2. Einzigartigkeit der Situationen und Menschen:

Sowohl Schüler als auch Pädagogen sind sehr unterschiedlich und individuell, deshalb muss bei allgemeinen Formulierungen von Fachwissen, dies für die jeweilig einzigartigen und speziellen Situationen berücksichtigt werden.

3. Zukunftsbezug des pädagogischen Handelns:

Umstände und Situationen ändern sich, ein Student wendet sein im Studium erfahrenes Wissen fast ein halbes Jahrhundert lang an. Der Sinn und Zweck der Kenntnisse und Fähigkeiten wird erst im Beruf zur Anwendung gebracht, es gibt keine sofortige praktische Umsetzung.

Das pädagogische Handeln muss sich „weitgehend unter unbekannten Bedingungen bewähren müssen, so Koller. Das erfahrene Wissen muss kritisch überprüft werden und es bedarf der kreativen Weiterentwicklung, auch genannt Reflexionskompetenz.

Das Studium dient ein geschultes Auge zu bekommen um Situationen bestmöglich beurteilen zu können, festgestellte Beobachtungen zu denen es kein konkretes Fachwissen gibt, sollten aber nicht außer Acht gelassen dürfen. Es ist wichtig sich pädagogisch relevante Theorie- und Methodenwissen anzueignen, auch wenn der Bedarf dafür noch nicht erkenntlich ist. Es darf aber auch nicht außer Acht gelassen, schreibt Koller, dass Theorien in der Praxis ihre Grenzen haben. Während des Studiums können Theorien ausführlich und ohne größeren Zeitdruck analysiert werden, in der Praxis ist jedoch stets eine schnelle Entscheidung erforderlich, die jeweils mit Konsequenzen verbunden ist.

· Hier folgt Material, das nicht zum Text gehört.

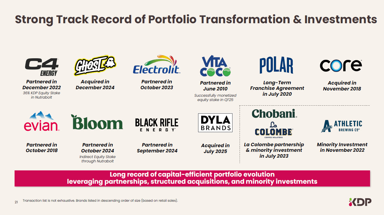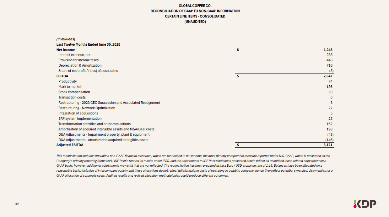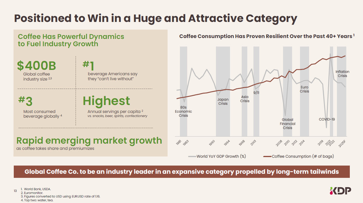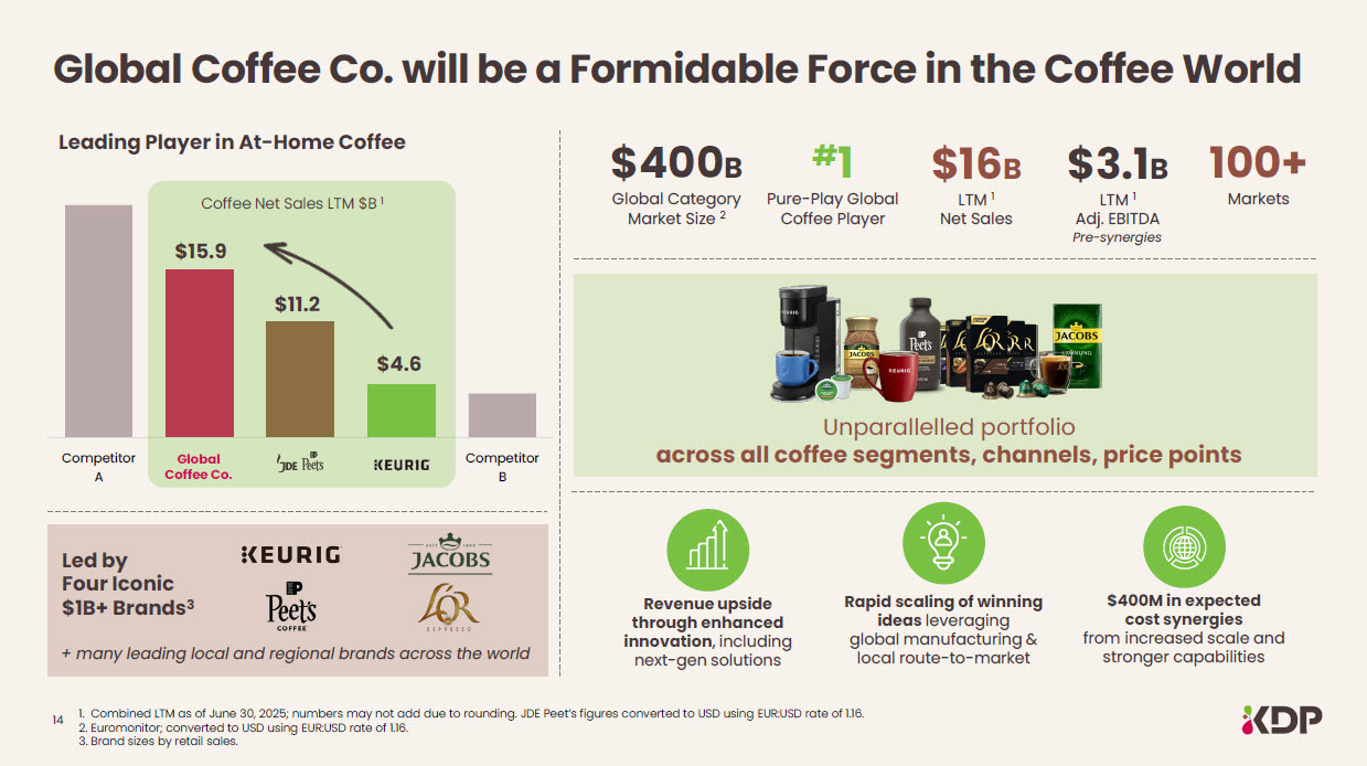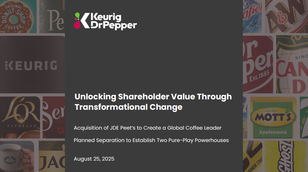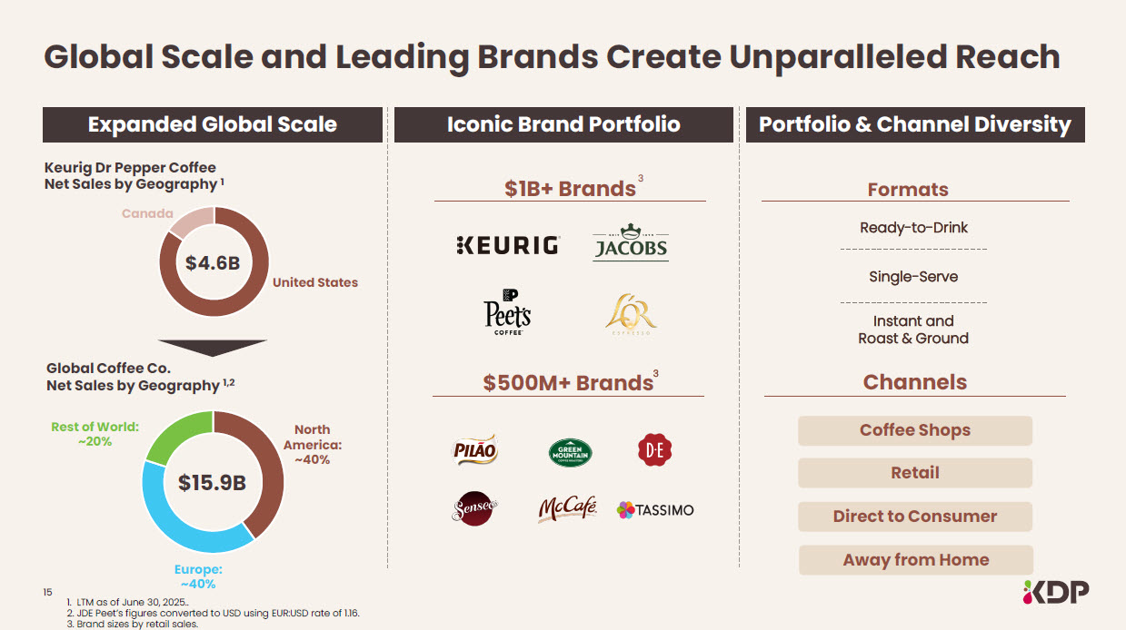 关于前瞻性信息的警示性声明Keurig Dr Pepper Inc.(“公司”)本次投资者介绍会(“介绍会”)中的某些陈述可能被视为“前瞻性陈述”,例如有关此次交易对公司、JDE Peet以及合并后业务的影响、预期的分拆、未来的财务目标和结果、预期的信用评级以及预期的成本节约和协同效应的陈述。前瞻性陈述包括前面、后面或包含“预期”、“预期”、“相信”、“可能”、“继续”、“正在进行中”、“估计”、“打算”、“可能”、“计划”、“潜力”、“项目”、“应该”、“目标”、“将”、“将”和类似词语的陈述。这些前瞻性陈述仅在本演示文稿发布之日发表。尽管该公司认为其前瞻性陈述所依据的假设是合理的,但它不能保证这些前瞻性陈述将被证明是正确的。前瞻性陈述受风险、不确定性和其他因素的影响,这些因素可能导致实际结果与历史经验或此类前瞻性陈述明示或暗示的未来结果存在重大差异。潜在风险和不确定性包括但不限于,(i)与在预期时间范围内完成拟议收购和随后分拆有关的风险或根本没有风险;(ii)与实现拟议收购和随后分拆的预期收益的能力有关的风险;(iii)与在没有意外延迟或条件的情况下收到监管批准以及监管行动的可能性有关的风险;(iv)与拟议交易相关的重大成本有关的风险;(v)收购和随后分拆后的预期财务和经营业绩以及未来机会;(vi)收购造成的干扰以及随后的分拆使得维持业务和运营关系变得更加困难;(vii)将公司和JDE Peet各自的管理层从业务运营中分流;(viii)与拟议交易产生的潜在诉讼有关的风险;以及(ix)公司和JDE Peet的新闻稿和公开文件中讨论的风险和不确定性。本公司、JDE Peet或其任何顾问均不对本演示文稿中包含的与其他或其各自集团的业务、经营业绩或财务状况有关的任何财务信息承担任何责任。除非法律要求,否则公司和JDE Peet均明确表示不承担任何义务或承诺传播对此处包含的任何前瞻性陈述的任何更新或修订,以反映与此相关的预期的任何变化或任何此类陈述所依据的事件、条件或情况的任何变化。非GAAP指标本演示文稿包括调整后的EBITDA和其他非GAAP财务指标。本文提供的非GAAP衡量标准可能无法直接与公司所处行业的其他公司使用的类似衡量标准进行比较,因为其他公司可能会对此类衡量标准进行不同的定义。虽然公司认为这些非GAAP衡量标准为股东提供了更多关于经营业绩的洞察力,但此处介绍的非GAAP衡量标准不是GAAP下财务业绩的衡量标准,不应被视为公司(或JDE Peet,如适用)根据GAAP的财务业绩的替代品,仅应与其一起考虑。公司不认为这些非GAAP财务指标可以替代或优于GAAP财务业绩提供的信息。所提供的信息未经审计,仅供说明之用,经审计的结果可能存在重大差异。有关非GAAP财务指标的更多信息,请参见附录。除非另有说明,有关(i)公司的财务资料来自截至2024年12月31日止年度的经审核业绩及截至2025年6月30日及2024年6月30日止六个月的未经审核业绩,及(ii)JDE Peet的财务资料来自截至2024年12月31日止年度的经审核业绩及截至2025年6月30日及2024年6月30日止六个月的未经审核业绩。合并后业务的业绩是通过将公司和JDE Peet的历史业绩相加计算得出的。截至2025年6月30日止最后十二个月的资料,计算方法是将截至2024年12月31日止年度及截至2025年6月30日止六个月的历史金额相加,再减去截至6月30日止六个月的历史金额, 2024.该公司的财务信息是根据公认会计原则编制的,JDE Peet的财务信息是根据欧盟采用的国际财务报告准则编制的。为编制估计的合并财务资料作出了某些调整。行业和市场数据本演示文稿还包含基于行业出版物和报告的有关我们行业的估计和信息,包括市场地位、市场规模以及公司参与的市场的增长率。这些信息涉及许多假设和限制,请注意不要过度重视这些估计。公司未对这些行业出版物和报告所载数据的准确性或完整性进行独立验证。公司所处行业受多种因素影响,具有较高的不确定性和风险性。这些因素和其他因素可能导致结果与这些出版物和报告中表达的结果大不相同。致美国JDE Peet’s股东的通知全现金要约将针对JDE Peet’s的普通股(“要约”)提出,JDE Peet’s是一家根据荷兰法律注册成立的公共有限责任公司,拥有在阿姆斯特丹泛欧交易所上市的普通股。重要的是,JDE Peet的美国股东应了解,要约和任何相关要约文件受荷兰披露和程序要求的约束,这些要求与美国的不同。JDE Peet’s的美国股东请注意,JDE Peet’s的普通股未在美国证券交易所上市,JDE Peet’s不受经修订的1934年《证券交易法》(“《交易法》”)的定期报告要求的约束,无需也不会根据该规定向美国证券交易委员会(“SEC”)提交任何报告。要约将在美国根据《交易法》和荷兰法律要求遵守并依赖规则14d-1(d)提供的豁免,即所谓的“Tier II”豁免。因此,要约将受到某些披露和其他程序要求的约束,包括与根据美国国内要约收购程序和法律适用的要约时间表和结算程序不同的要约时间表和结算程序。JDE Peet普通股的美国持有人根据要约收到现金可能是美国联邦所得税目的和适用的州和地方以及外国和其他税法规定的应税交易。我们敦促JDE Peet普通股的每位持有人立即就接受要约的税务后果咨询其独立专业顾问。JDE Peet普通股的美国持有人可能难以执行其因美国联邦证券法而产生的权利和索赔,因为JDE

Koller hält fest, dass es wichtig ist verschiedene Methoden und Theorien kennenzulernen und zu reflektieren und nicht voreilig sich für eine Handlungsweise zu entscheiden, denn die eine richtige Anleitung gibt es nicht.

Gruppenarbeit

In unsere Gruppenarbeit haben wir uns mit unseren eigenen Vorstellungen vom erziehungswissenschaftlichem Studium anhand des Esays und dem Text von Koller befasst.

Dabei haben wir zusammenfassend festgehalten, dass das Erwerben von pädagogischen Handlungskompetenzen wichtig ist, um als Lehrer im Unterrichtsgeschehen bestmöglich agieren zu können. Auch das Kennenlernen von verschiedenen Methoden und Theorien und diese weiterzuentwickeln ist ein wichtiger Bestandteil des Studiums. Zudem sahen wir es als Vorteil fünf Jahre studieren zu können, denn in dieser Zeit eignet man sich viel Wissen an, durch das Studium und privat, sodass man auch ein selbstbewussteres auftreten hat.